We have been fishing the Trent River in Ontario for years. we want to try somewhere else and are seriously considering Lake Nipissing, probably mid-to-late June. Being totally unfamiliar with the Lake and the fishing resorts, does anyone have recommendations for where we should stay (and why)?

We will be 3 or 4, don't mind doing our own cooking, need to rent boats, and will be there to fish so a lot of resort amenities are not a big deal. 

Thanks...


----------



## roger23 (Mar 7, 2007)

ems3 said:


> We have been fishing the Trent River in Ontario for years. we want to try somewhere else and are seriously considering Lake Nipissing, probably mid-to-late June. Being totally unfamiliar with the Lake and the fishing resorts, does anyone have recommendations for where we should stay (and why)?
> 
> We will be 3 or 4, don't mind doing our own cooking, need to rent boats, and will be there to fish so a lot of resort amenities are not a big deal.
> 
> Thanks...


we stayed her a couple times ,,fishing was not all that good one year but every thing depends on the weather,,,it is under new management now ,,have not been there sence the new people bought it,,the people that had it before were like family

http://www.promisedlandcamp.net/promisedlandcamp.html

the other place we stayed several years was Camp Raymond ,,it was also nice,,weather also is a problem sometimes

http://www.campraymond.com/


----------



## Whopper (Apr 28, 2006)

Nip is and can be challenging, it's a very big lake. It a beautiful place, so if it's scenery you want it's the place. 
I've stay at three different locations on the lake and all were nice places, the following link I would recommend

http://www.lakair.com/

It's located on the West Arm.
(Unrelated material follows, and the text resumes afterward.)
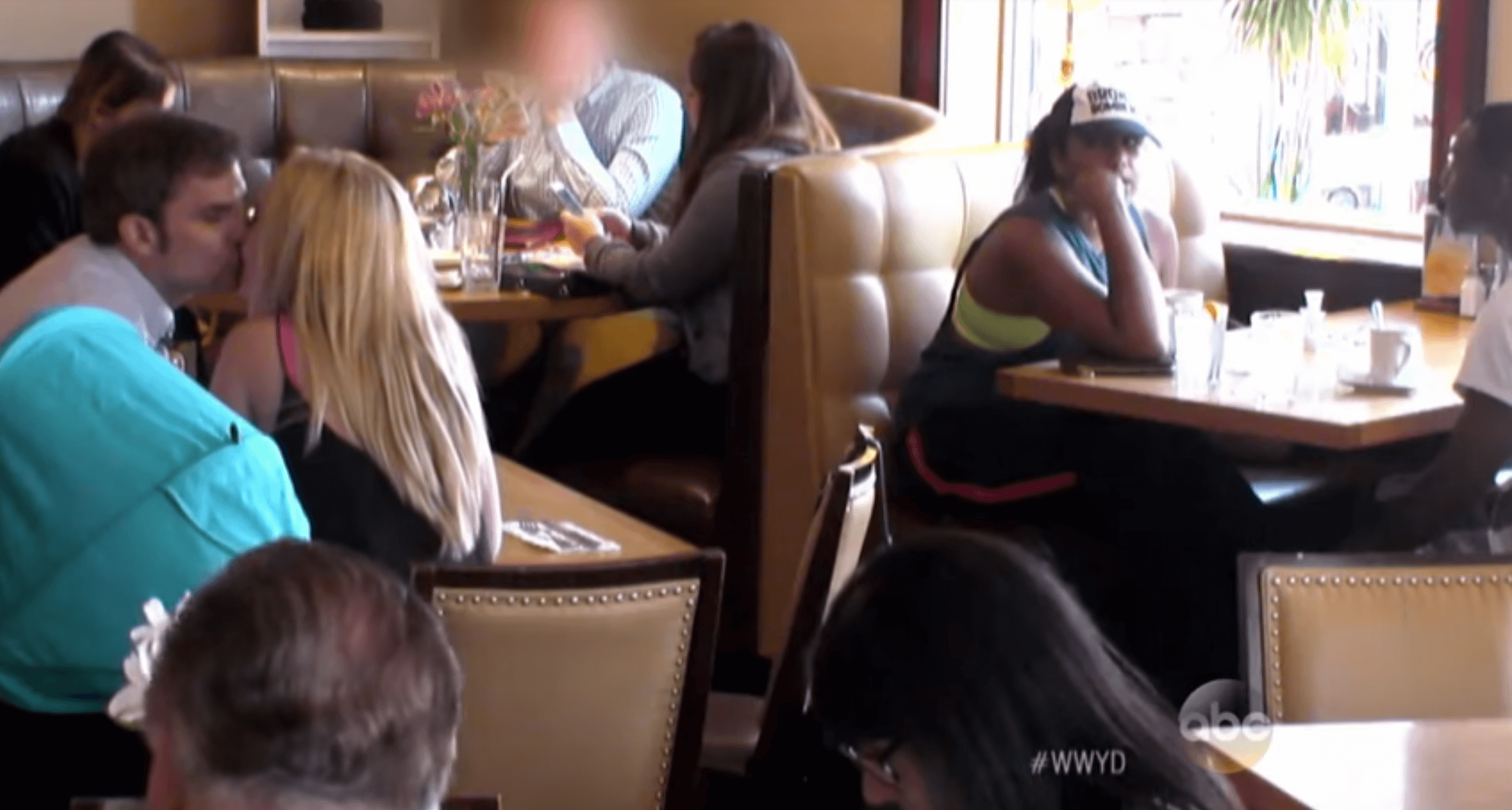 Bredvid sitter ett par som inte förstår någonting. Man ser på tjejen hur chockerad hon blir och det går att läsa av på hennes läppar att hon säger till sin kille att de måste säga någonting till frun när hon kommer tillbaka.
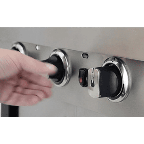 הגריל בעל 4 מבערי נירוסטה איכותיים , 3 משטחי TRU INFRA RED מנירוסטה ומעליהם 3 רשתות ברזל יצוק לצריבה איכותית ומרשימה לבשר.

The host are good people and Kevin will help you with some fishing tips.
If you decide you really want to go to Nip send me a pm and I'll help you as much as I can


----------



## jeffmo (Apr 7, 2004)

well,if you are willing to do a "do it yourself" trip then you can drive just a little further north.check out burroughs lake just outside of Longlac Ontario.Skinners retreat in longlac rents boats and motors if you need them and has supplies.
i have been the 4 times and the fishing is as good as i've ever seen.decent sized pike all day long,very good walleye for eating and a few perch.the wildlife and scenery is cool too.we see moose,bear,otters,beaver,eagles,loons,etc.
long drive,great remote fishing and it's not too costly.
let me know if you'd like more information.


----------



## Lund Rebel (Mar 28, 2008)

We've been going to Nipising for almost 15 years, but never early in the season. We usually go in mid-Sept. We go to Sandy Island on the south end, taking camp boat out of Sturgeon Falls. We've stayed at Tall Pines, done ourour own cooking, and used their boats. Reasonable rates and clean comfortable cabins. Since it's remote, you need to take everything for cooking and "beverages" as well as ice. They do have propane refrigeration, stove and lights. Cold running lake water in the cabins.
Sandy Haven is just down the island mile or so, if you're looking for the American Plan. Both have websites you can check.


----------



## Whopper (Apr 28, 2006)

Lund Rebel, I been to Tall Pines and your right it's a really nice place. For a first timer the rates look great until the owners ding ya for all the little extras, I was there in 02 and gas for my boat at their dock was well over $8.00 a gallon.
I personally did not get off on the right foot with the owner, our choice of "beverages" did not sit well with the owner and his comment on them at the dock at Sturgeon Falls did not sit well with me, kind of set the tone for the week.


----------